#### [Information provided]
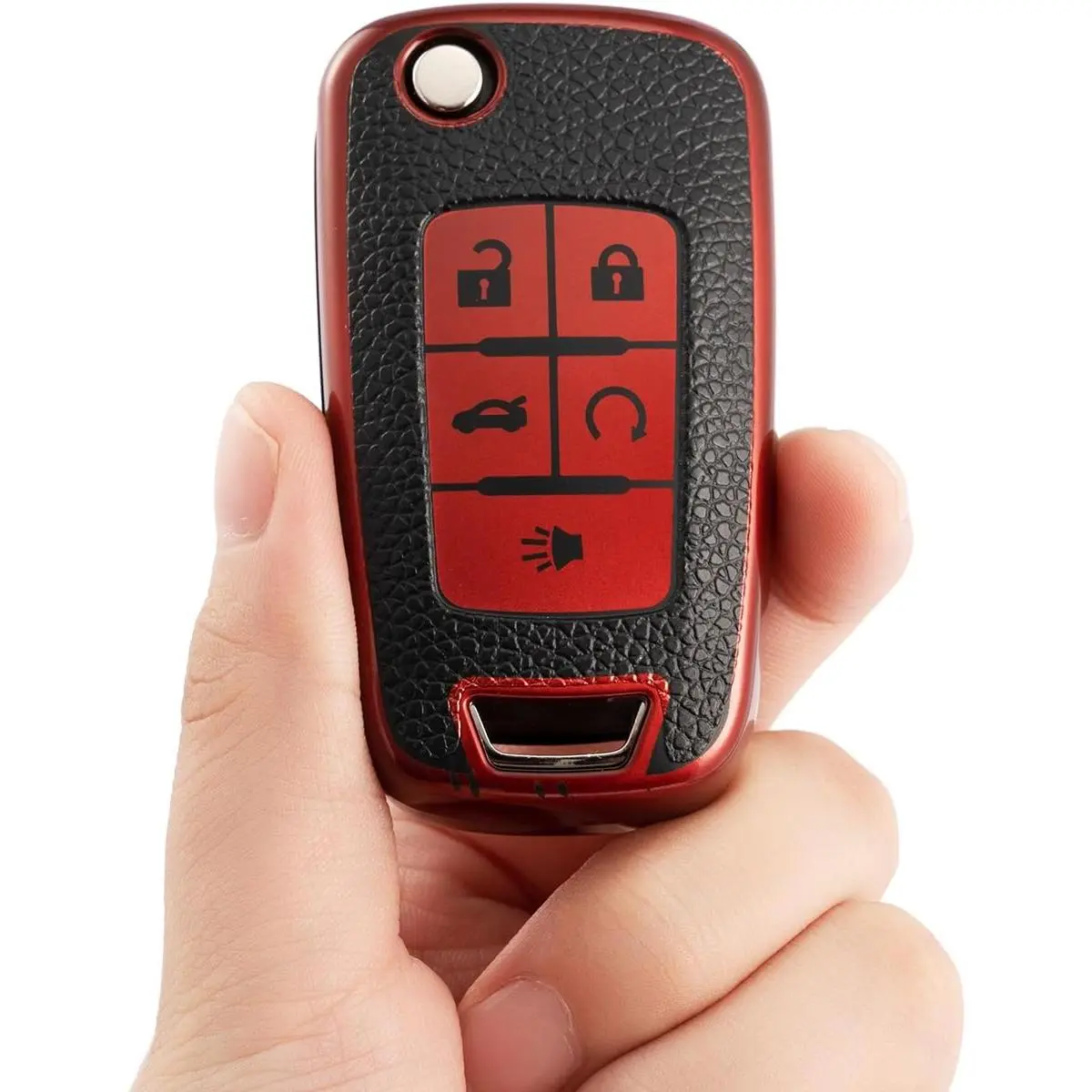 Key Fob Cover for Chevy, Soft TPU Leather Key Fob Case for Chevrolet Camaro Cruze Equinox Malibu Trailblazer Impala Sonic Buick Cascada Encore Car Key Accessories (Red)
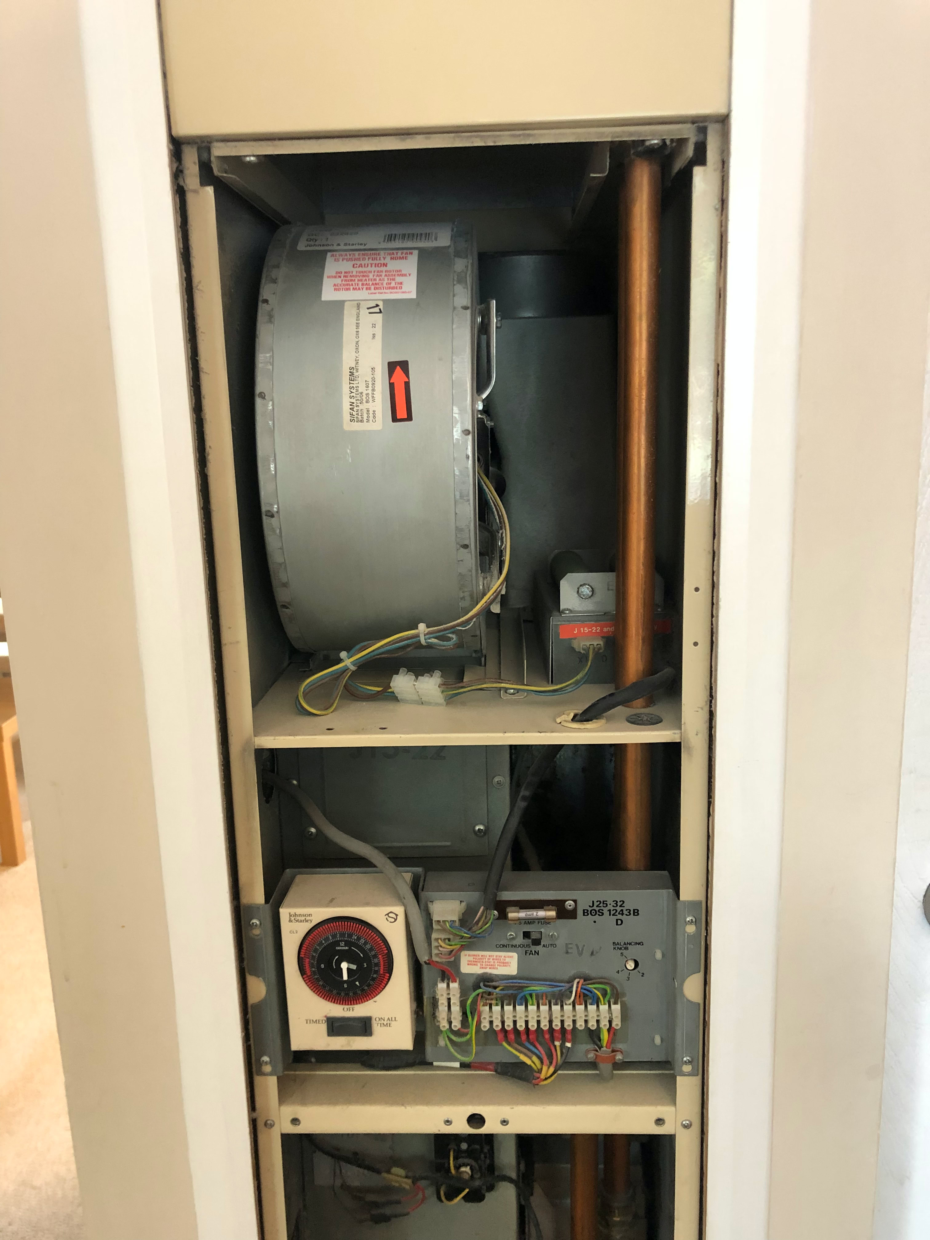 The J25-32 warm air heater was introduced long ago in the 1960s I think, then updated with Mk2 and then Mk3 versions in the 70s then 80s. This was probably the most successful of all the warm air heaters in the early days of central heating and many, many examples of the Mk3 version are still in use. As far as I know, all of the commonly failing parts in the Mk3 are still freely available so any breakdowns can usually be fixed. The original and Mk2 versions are much rarer and no longer fully supported with spares.
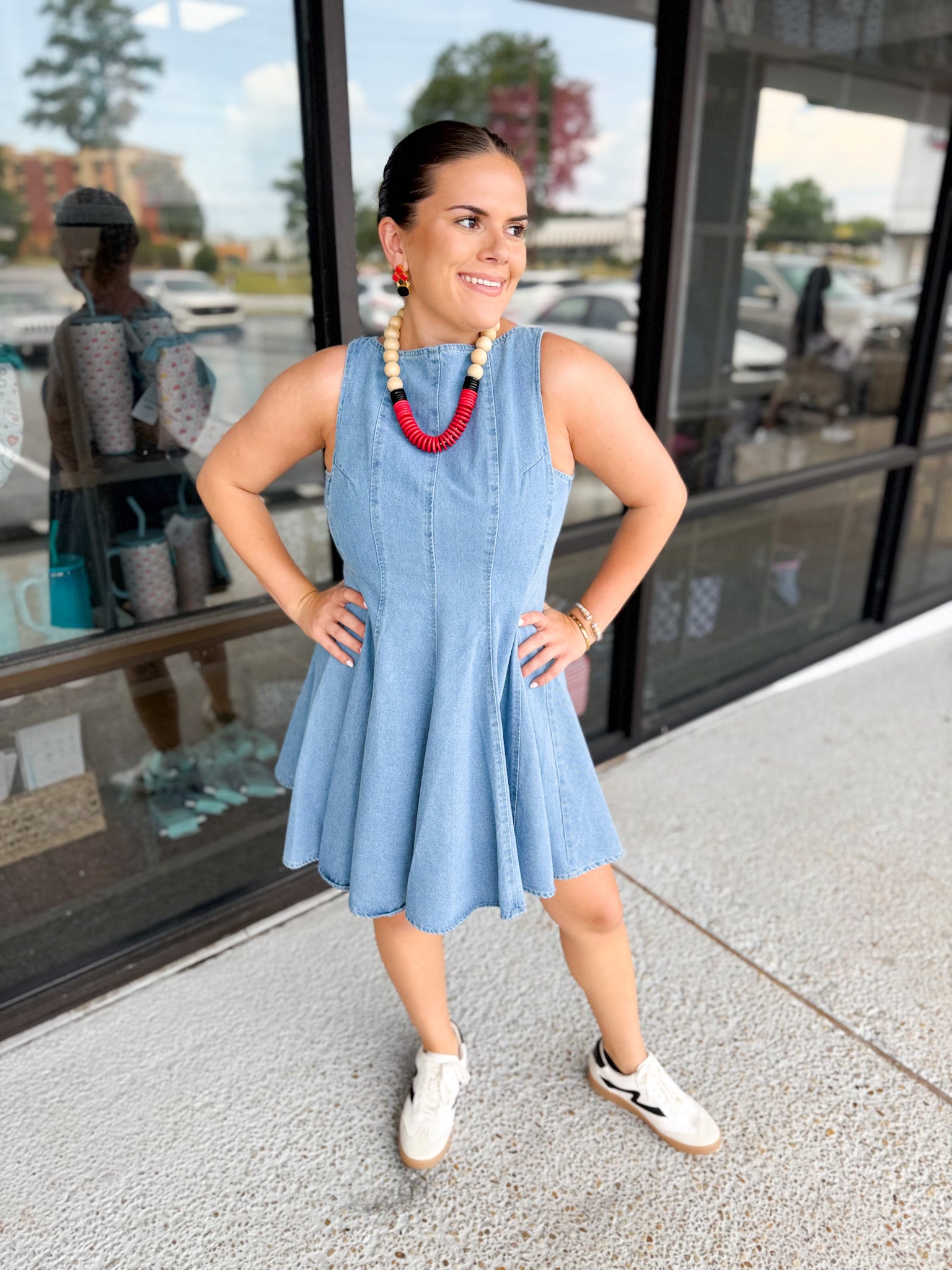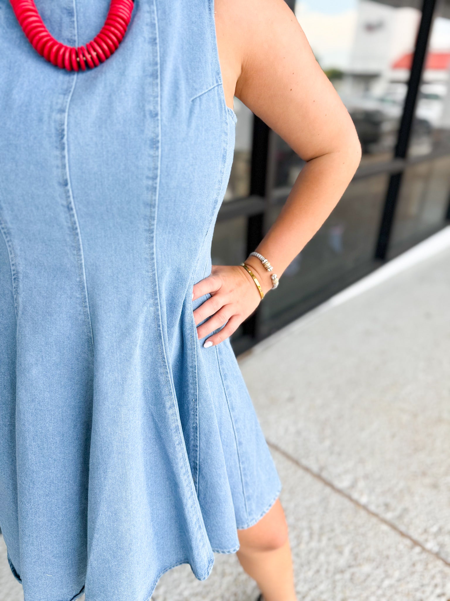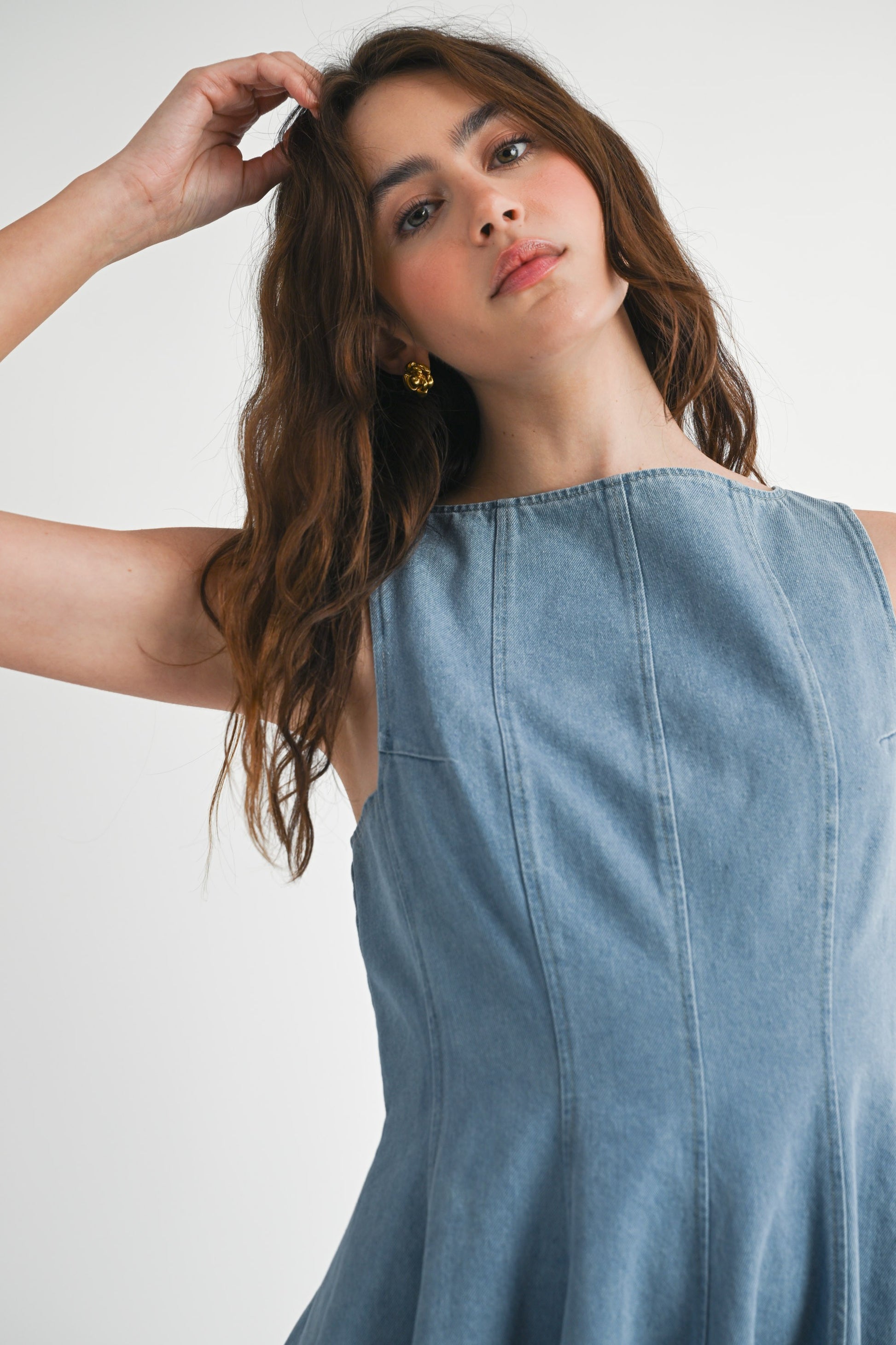Details: Denim sleeveless a line flare mini dress. Back exposed zipper.

#### [Work to complete]
Repeat the material line for line. Pictures stay out of the copy.

#### [Result of the task]
 Key Fob Cover for Chevy, Soft TPU Leather Key Fob Case for Chevrolet Camaro Cruze Equinox Malibu Trailblazer Impala Sonic Buick Cascada Encore Car Key Accessories (Red)
 The J25-32 warm air heater was introduced long ago in the 1960s I think, then updated with Mk2 and then Mk3 versions in the 70s then 80s. This was probably the most successful of all the warm air heaters in the early days of central heating and many, many examples of the Mk3 version are still in use. As far as I know, all of the commonly failing parts in the Mk3 are still freely available so any breakdowns can usually be fixed. The original and Mk2 versions are much rarer and no longer fully supported with spares.
Details: Denim sleeveless a line flare mini dress. Back exposed zipper.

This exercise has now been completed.